In his recent column, Mr. Maher asserted that the "Humane Society has
been caught lying about the effectiveness of an American boycott of
Canadian seafood."

If anything, the Humane Society has been unduly modest about the
impact of the boycott.

Since the boycott began, the value of Canadian snow crab exports to
the U.S. has declined by more than $750 million. The value of seafood
exports from Newfoundland and Labrador to the U.S. fell by 51 per
cent. These figures come from Statistics Canada, the Department of
Fisheries and Oceans and Industry Canada.

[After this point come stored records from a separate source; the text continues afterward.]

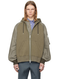 Taupe Sponge Sweat x Nylon Twill Hoodie
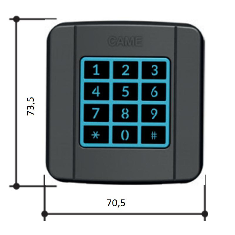 Цифровое управление автоматическими системами. Беспроводная, накладная кодонаборная клавиатура, 12 кнопок, синяя подвеска, возможность запоминания 25 кодов, может работать в режиме динамического или статического кода (цвет серый, RAL7024).
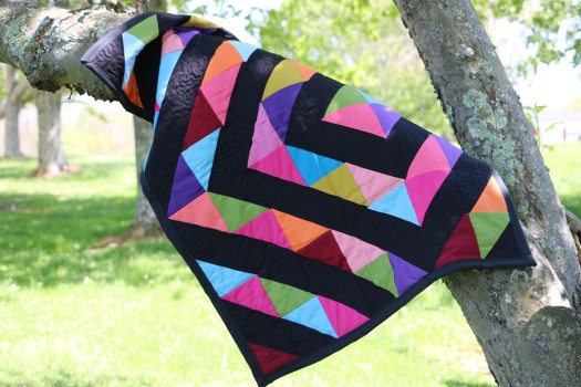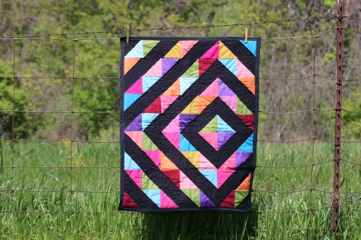 Quilt 6 (Black Diamonds) Bold and Beautiful the solid colors in this quilt pop against the black background! Measures 28 x 35 Interested in purchasing? Comment your bid! Bidding will end 5/15/2021 at 5:00 EST
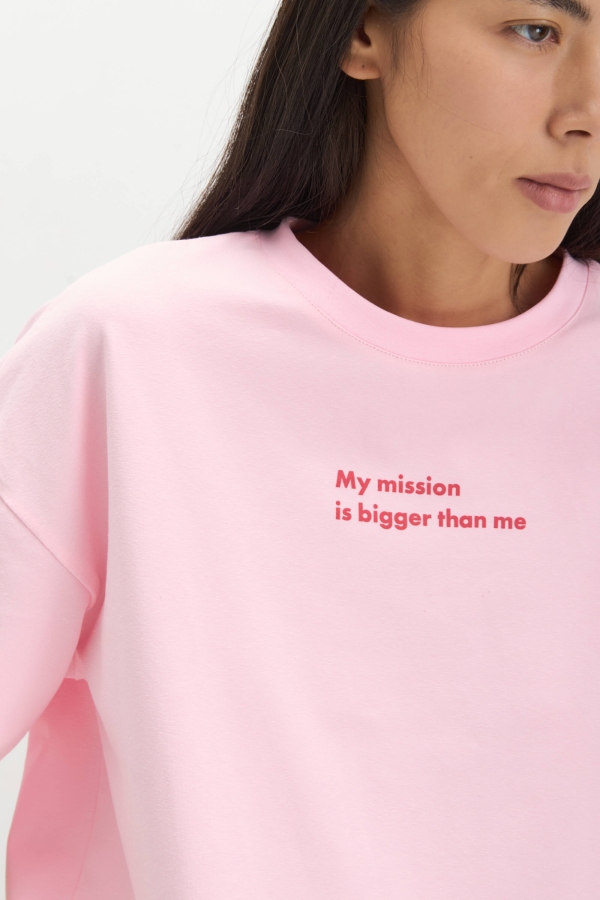 Футболка из трикотажного полотна с авторским принтом. Оверсайз модель. Рукав спущенный. Горловина обработана бейкой.
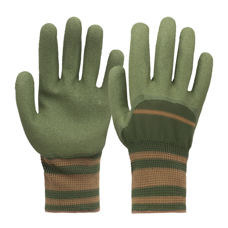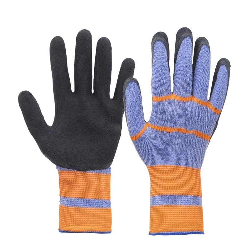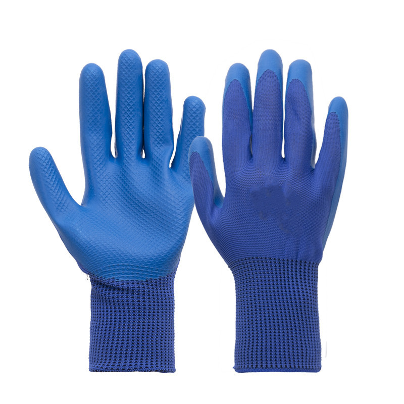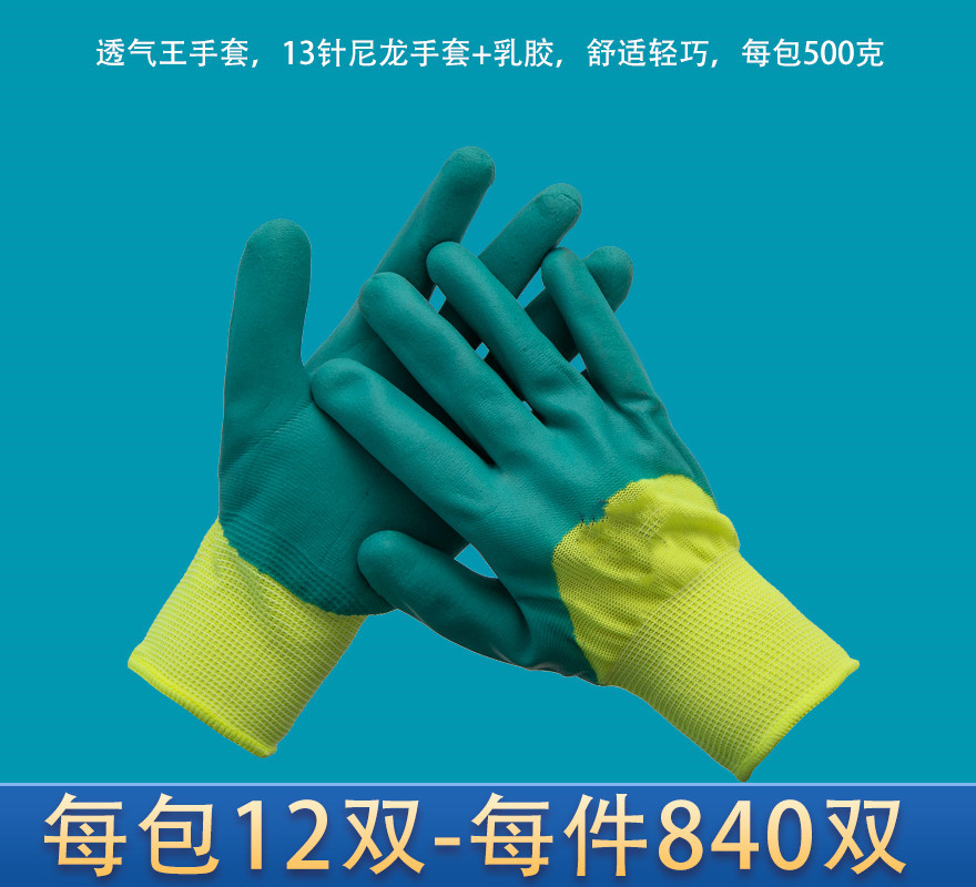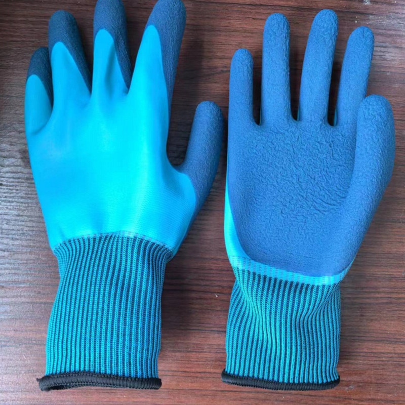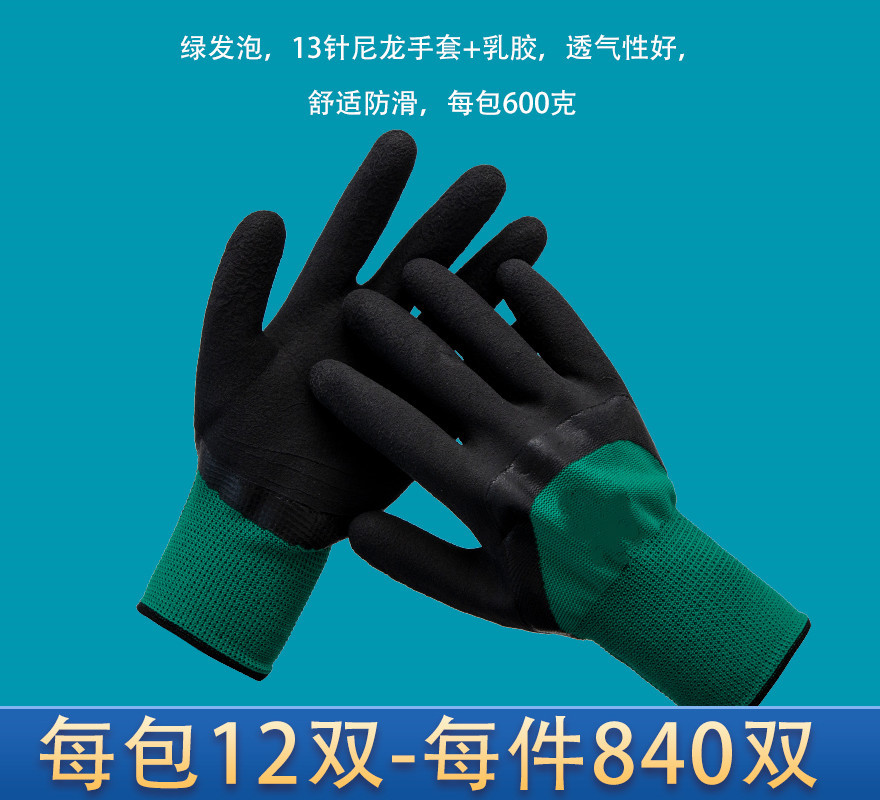 접착제가있는 노동 보호 장갑 Ding Qing 나일론 면사 걸이 접착제 방수 내유성 미끄럼 방지 Ding Qing 주름 라텍스 고무 장갑
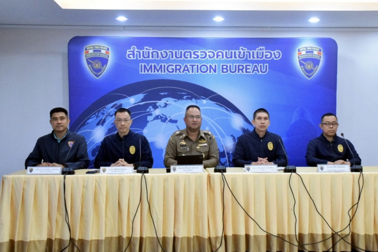 เมื่อเวลา 10.00 น. วันที่ 29 พ.ค. ที่สำนักงานตรวจคนเข้าเมือง เมืองทองธานี พล.ต.ต.พันธนะ นุชนารถ รอง ผบช.สตม. พร้อมด้วย พ.ต.อ.รัฐโชติ โชติคุณ รอง ผบก.สส.สตม. พ.ต.อ.ชิตเดชา สองห้อง รอง ผบก.สส.ภ.7 ปฏิบัติราชการ บก.สส.สตม. พ.ต.อ.ธวัชชัย นรินรัตน์ ผกก.1 บก.สส.สตม. ร่วมแถลงข่าวการจับกุมผู้ต้องหารายสำคัญจำนวน 3 คดี
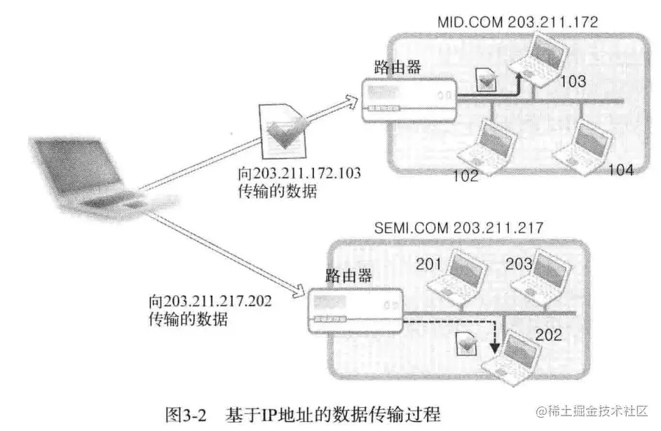 某主机向 203.211.172.103 和 203.211.217.202 传递数据,其中 203.211.172 和 203.211.217 为该网络的网络地址,所以「向相应网络传输数据」实际上是向构成网络的路由器或者交换机传输数据,然后又路由器或者交换机根据数据中的主机地址向目标主机传递数据。
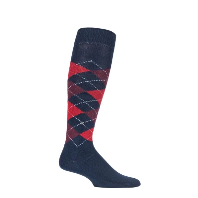 1 Pair Navy / Red Preston Soft Acrylic Knee High Socks Men's 6.5 11 Mens Burlington
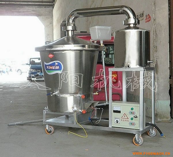 電氣兩用蒸酒設(shè)備結(jié)構(gòu)新穎,使用方便,安全可靠,綠色環(huán)保,是天陽公司為門市用戶和流動加工戶設(shè)計生產(chǎn)的,適合家庭作坊,集貿(mào)市場進(jìn)行糧食酒蒸餾的小型白酒設(shè)備,由加熱裝置,蒸鍋,蒸汽水箱,導(dǎo)氣管、冷卻器和移動車組成,蒸鍋及冷卻器均采用優(yōu)質(zhì)不銹鋼材料焊接,不會產(chǎn)生對人體有害的鉛、鋁等物質(zhì),耐酸堿腐蝕。蒸鍋為雙層鍋,采用電熱管電子自動控溫裝置或煤氣裝置加熱,蒸酒溫度不忽高忽低,料液無需攪拌,上汽均勻,不焦鍋。冷卻器采用陣式列管套管冷卻,酒蒸汽與冷卻水接觸面積大,冷卻效果好,產(chǎn)酒率高,每百斤原料可以蒸餾出50度的玉米酒60斤,高粱酒50斤,大米酒80斤左右,所蒸白酒酒質(zhì)純正,酒香醇厚,燒酒后的糟液富含蛋白質(zhì)等營養(yǎng)物質(zhì),用于催肥養(yǎng)殖效果很好。
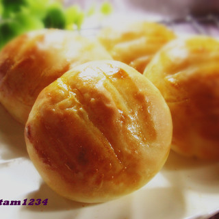 原料:面包粉、中筋面粉、卡仕达酱、无盐黄油、全蛋液、糖粉、盐、酵母、牛奶、脱皮白芝麻、表面装饰蛋液。
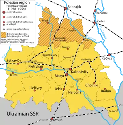 Polesia Voblast (Belarusian: Палеская вобласць, Russian: Полесская Область) was an administrative division in the Soviet Belarus. It was created on January 15, 1938. It included the territories of eastern Polesia and consisted of 15 raions. The Center of Polesia Voblast was the town of Mozyr.
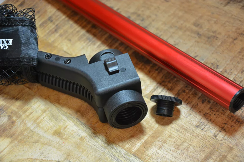Dieser faltbare Kescher lässt sich bis zu 165 Zentimeter ausziehen, seine Transportlänge beträgt 90 Zentimeter. Der Kopf lässt sich mit einem Handgriff öffnen und hat ein gummiertes Netz, dessen Maße 70x55x60 Zentimeter betragen. Der gummierte Griff am Ende des robusten Metallstiels sorgt für einen rutschfesten Halt, sodass wir selbst die größten Planktonfresser sicher keschern können.
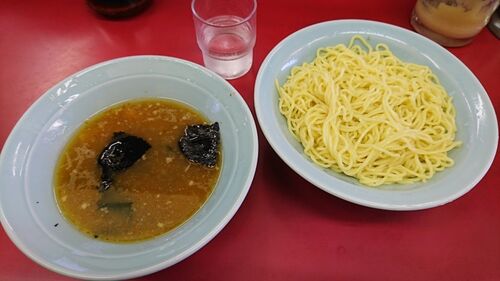 つけめん(並盛) 600円 今年も一関遠征前に立ち寄り朝ラー。 今回はオススメのつけ麺を注文。 「ラーメンショップ」の定番アイテム、青白い平べったい丼で登場。 麺は流水でキリッと〆られた中太縮れ。 熱々の豚骨醤油のつけ汁は酸味弱め。 細切りのチャーシ…
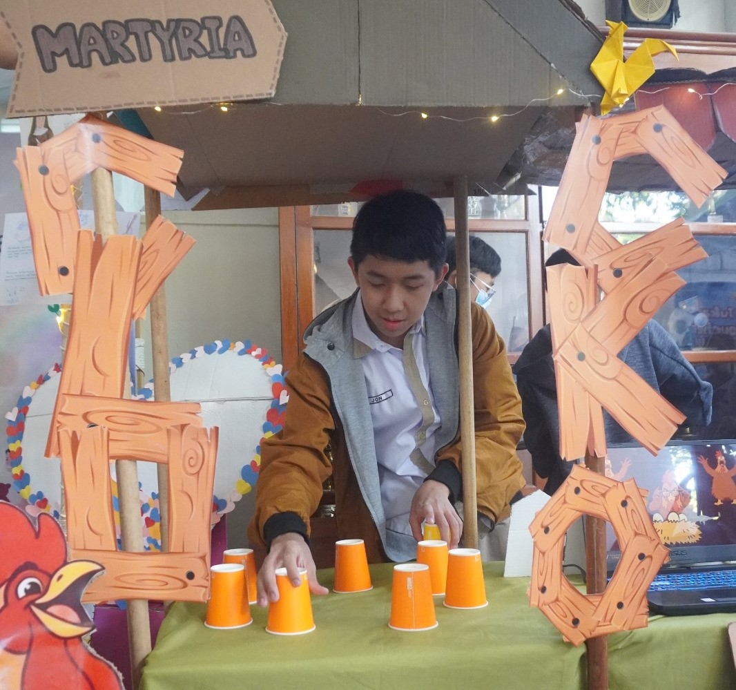 Setelah mereka selesai menjelaskan, saya diarahkan ke bagian selanjutnya yaitu game ular tangga yang memiliki tantangan tentang kehidupan bermasyarakat sehari-hari yang dilandasi dengan kasih. Game ini dapat dimainkan dengan minimal 2 orang tua maupun anak-anak. Saya menyukai game ini karena mengajarkan tentang kesabaran dan kekompakan. Hal yang dilakukan dalam game ini adalah satu orang harus memperagakan gerakan dan harus ditebak oleh pemain lain. Selain itu, dalam permainan ini kita juga beberapa kali harus menjawab pertanyaan yang diberikan oleh anak-anak kelas 9D. Setelah itu saya juga menonton anak – anak bermain musik dan booth dari kelas 9 yang lain. Setiap booth punya ciri khas masing-masing.
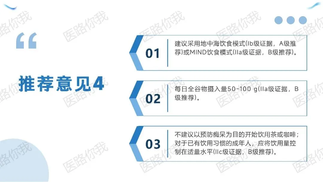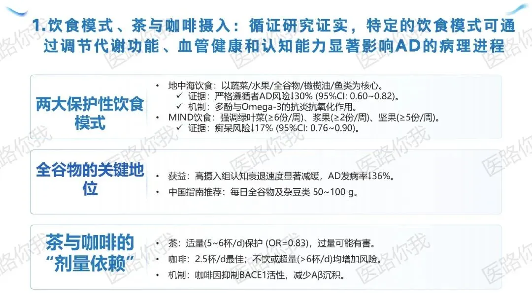 MIND饮食:特别强调绿叶菜(≥6份/周)和浆果(≥2份/周),高摄入组AD发病率↓36%。
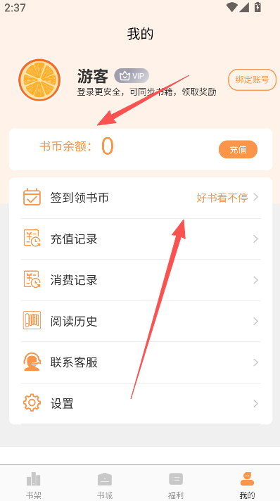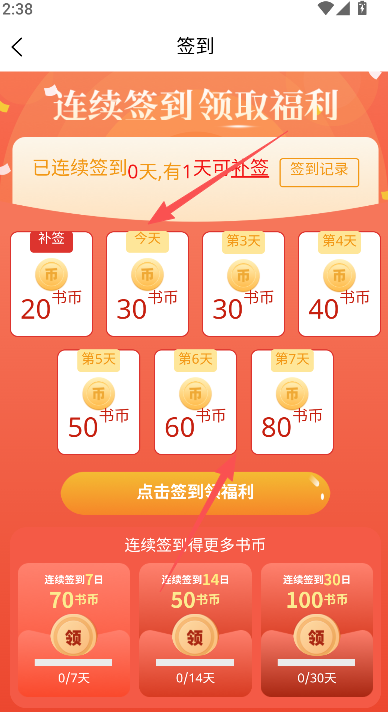 3、签到则是每天上线都能够获得一定数额的书币,不过数量比较少,需要长此以往坚持。
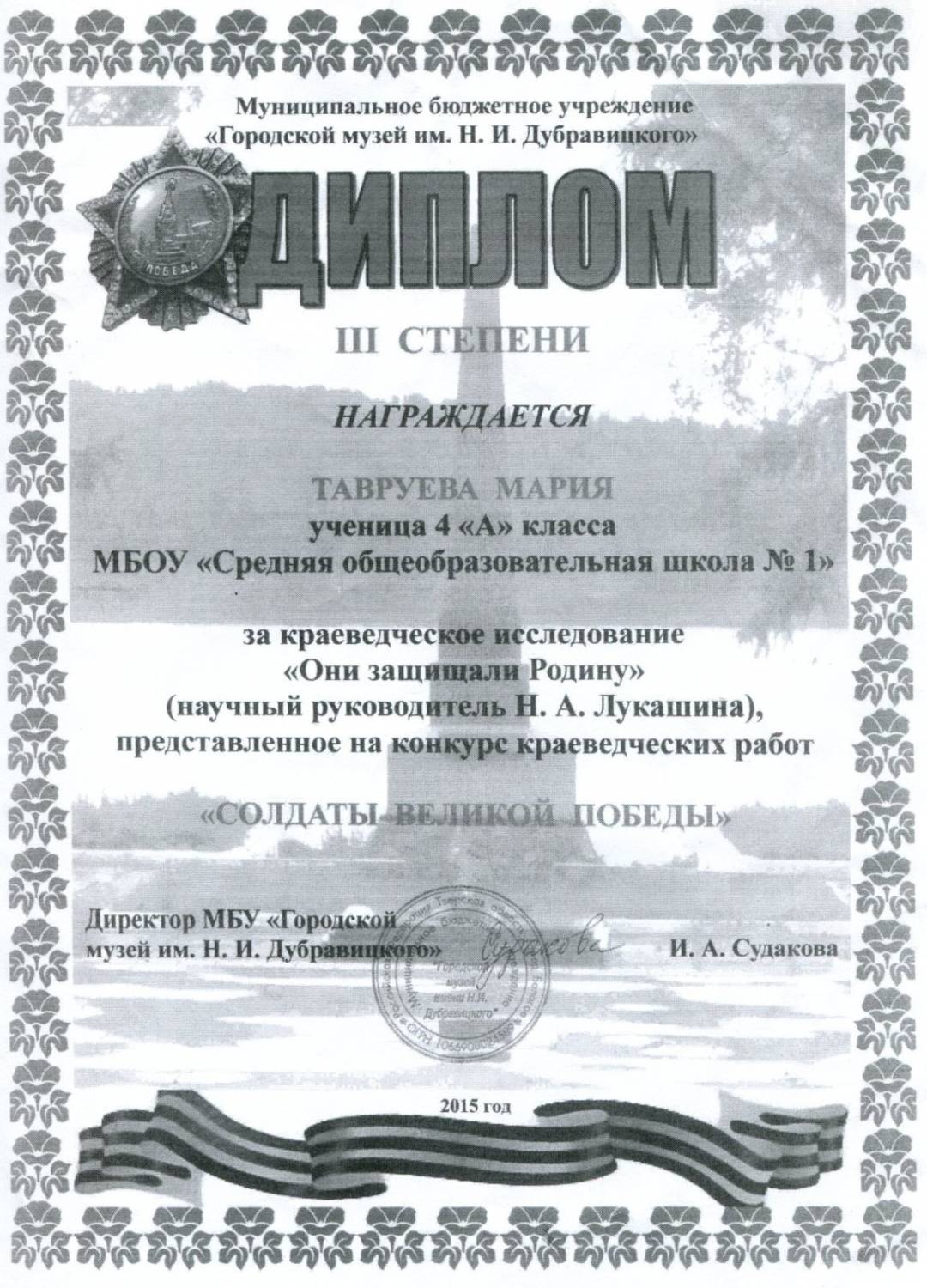 Тавруева Мария. «Они защищали Родину». Руководитель: Лукашина Наталья Анатольена.

DFO blames the lost export revenue first and foremost on exchange
rates. This view doesn’t withstand examination. The U.S. dollar fell
by 18 per cent in the period in question. Seafood exports from
Newfoundland fell by 51 per cent. Exports from other industries in
Newfoundland to the U.S. went up by 29 per cent. (If one includes the
oil and gas extraction businesses, they were up by 94 per cent.)
Either one can believe that exchange rates are singling out the
seafood industry, or one can accept that other things are coming into
play that are negatively impacting seafood exports and not exports
from other industries.

Recently, the Canadian Consulate in Los Angeles held a meeting with
U.S. seafood wholesalers. During the meeting, a salesman from a major
Californian company said over half of his customers "flat out refuse
to buy Canadian seafood." Representatives from other wholesalers
echoed this message; large numbers of their customers (restaurants,
hotels, casinos and grocery stores) won’t buy Canadian seafood until
the commercial seal hunt ends. I hear this from my customers, too.

Over 5,000 grocery stores and restaurants are part of the boycott,
including multi-billion-dollar companies such as Whole Foods, Trader
Joe’s, Harris Teeter, and BI-LO. Collectively, we buy billions of
dollars worth of seafood – far less of which comes from Canada these
days. New U.S. companies join the boycott weekly. The boycott is now
on its way to the EU.

No impact? No way.

The DFO’s position on this issue stretches credulity, and yet Mr.
Maher accepts it without question. Ditto for statements about the
"need" for the hunt. As for economic need – DFO data show that only
1.3 per cent of Newfoundland’s landed fishery in 2008 came from the
seal hunt. Sealers earn the vast majority of their income from
catching seafood, not killing seals.

As far as saving cod goes, DFO scientists concede that even if the
entire seal population were eliminated, there is no reason to believe
that the cod population would recover – that’s the consequence of
severe overfishing.

Canada’s commercial seal hunt is the world’s largest slaughter of
marine mammals, with more than one million baby seals killed in the
past four years. Ninety-seven per cent are less than three months old
when they are killed. Many have yet to eat their first solid meal when
they are beaten to death. Each year, their suffering has been
documented on film by the Humane Society, including seals cut open
while writhing in pain, conscious seals impaled on steel spikes and
dragged across the ice floes, animals skinned alive, and wounded seals
left to suffer.

Mr. Maher states that he believes the commercial seal hunt is "… as
humane, more or less, as farmyard practices, but if I were to learn
that it does cause suffering to seals, I still wouldn’t care very much."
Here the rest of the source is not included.